Song by Ernest Tubb
- Released: 1950
- Genre: Country
- Length: 2:37
- Label: Decca
- Songwriters: Ernest Tubb, Loys Southerland

= Throw Your Love My Way =

"Throw Your Love My Way" is a country music song written by Ernest Tubb and Loys Southerland and popularized by a single sung by Tubb. It was released in June 1950 on the Decca label with "Give Me a Little Old Fashioned Love" as the "B" side. It peaked at No. 3 on the country disc jockey chart, No. 4 on the juke box chart, and No. 5 on the best seller chart. It spent 15 weeks on the charts and ranked No. 12 on the Billboard Top Country & Western Records of 1950.

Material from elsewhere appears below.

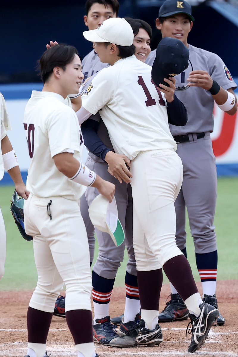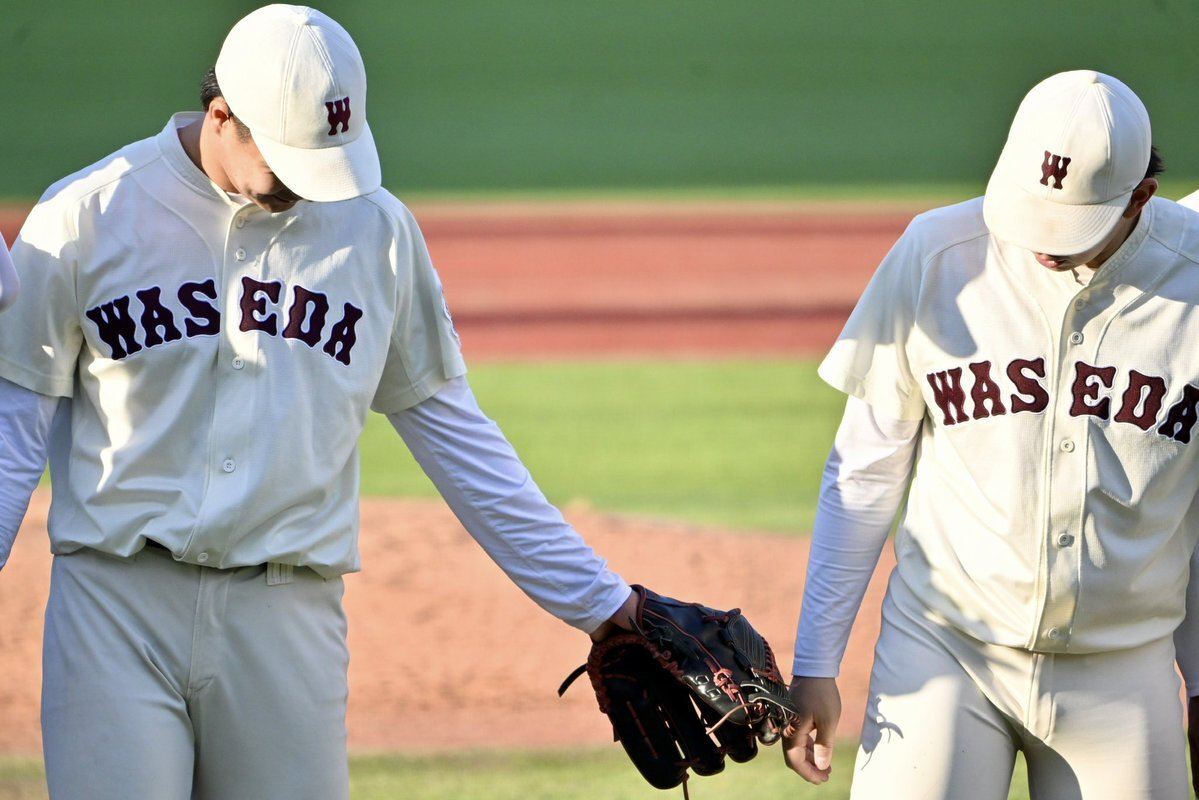 【#六大学野球】 2025.11.02 慶大 vs 早大 早大・田和廉投手が締めて試合終了⚾️ 整列時には外丸・小澤両主将 外丸・伊藤樹投手が健闘をたたえました #早慶戦 #wasedabbc #keiobaseball #田和廉 #伊藤樹 #小澤周平 pic.x.com/fAbYDDCoud

The song's lyrics are in the form of a courting song. He compares his intended to a speckled pup with a smile that would "turn you up and down". He will give his share of heaven and get down on his knees if she will "throw your pretty love at me."

The song was also recorded by Tubb in a version with the Andrews Sisters. It was included in multiple compilations albums, including "Hittin' the Road" (1965), "The Daddy of 'Em All - Ernest Tubb 1940-1952" (1974), "Country Music Hall of Fame", (1987), "Country USA 1950" (1991 Time-Life), "Let's Say Goodbye Like We Said Hello" (1991 Bear Family), "Waltz Across Texas" (1998 Bear Family), and "The Definitive Hits Collection" (2001).